What you need to do » Where a picture appears, skip it and copy everything else in the listing exactly.

Provided data »
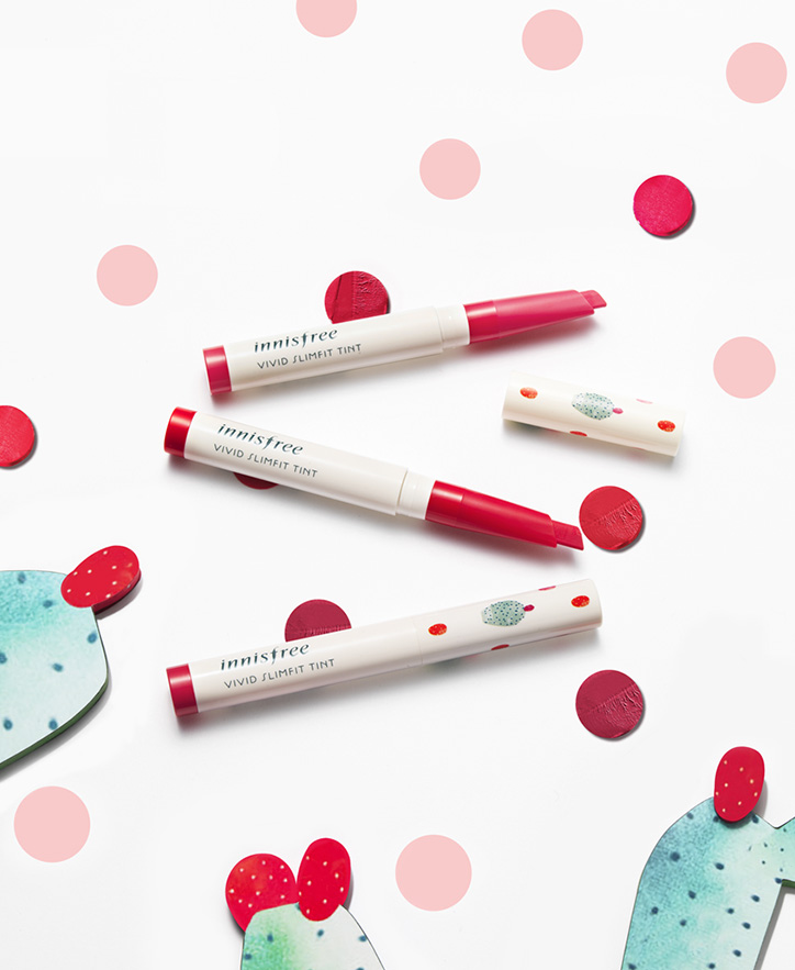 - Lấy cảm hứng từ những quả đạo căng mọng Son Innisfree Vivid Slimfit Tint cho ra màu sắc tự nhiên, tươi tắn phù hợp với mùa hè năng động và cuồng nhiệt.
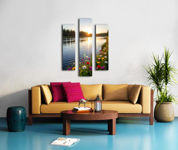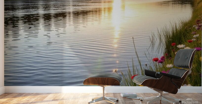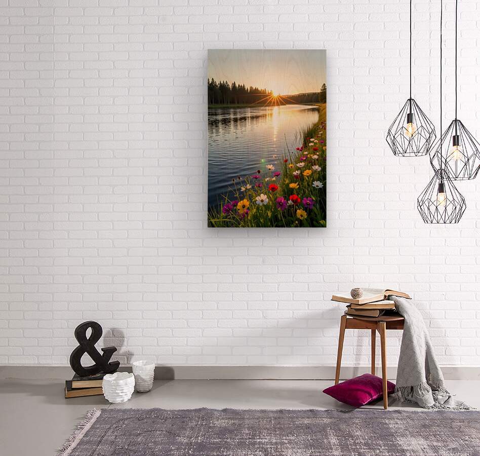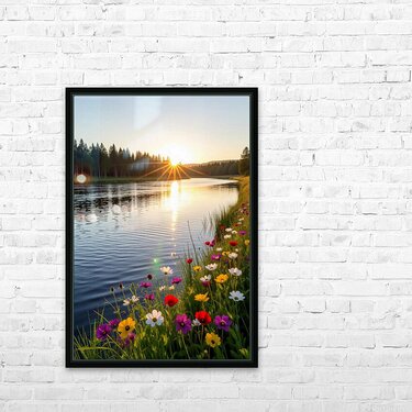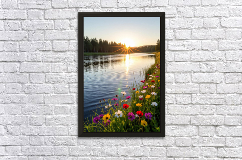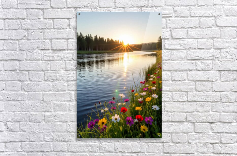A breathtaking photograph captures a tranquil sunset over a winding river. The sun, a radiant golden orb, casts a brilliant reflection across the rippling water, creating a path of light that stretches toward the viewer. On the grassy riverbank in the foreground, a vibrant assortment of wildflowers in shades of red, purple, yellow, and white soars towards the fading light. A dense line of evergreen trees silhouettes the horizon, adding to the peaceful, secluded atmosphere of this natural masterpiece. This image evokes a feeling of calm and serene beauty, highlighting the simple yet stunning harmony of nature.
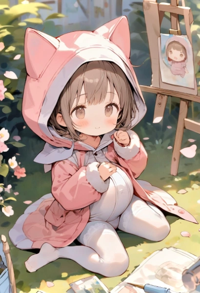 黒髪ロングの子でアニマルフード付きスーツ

Result of the exercise »
 - Lấy cảm hứng từ những quả đạo căng mọng Son Innisfree Vivid Slimfit Tint cho ra màu sắc tự nhiên, tươi tắn phù hợp với mùa hè năng động và cuồng nhiệt.
A breathtaking photograph captures a tranquil sunset over a winding river. The sun, a radiant golden orb, casts a brilliant reflection across the rippling water, creating a path of light that stretches toward the viewer. On the grassy riverbank in the foreground, a vibrant assortment of wildflowers in shades of red, purple, yellow, and white soars towards the fading light. A dense line of evergreen trees silhouettes the horizon, adding to the peaceful, secluded atmosphere of this natural masterpiece. This image evokes a feeling of calm and serene beauty, highlighting the simple yet stunning harmony of nature.
 黒髪ロングの子でアニマルフード付きスーツ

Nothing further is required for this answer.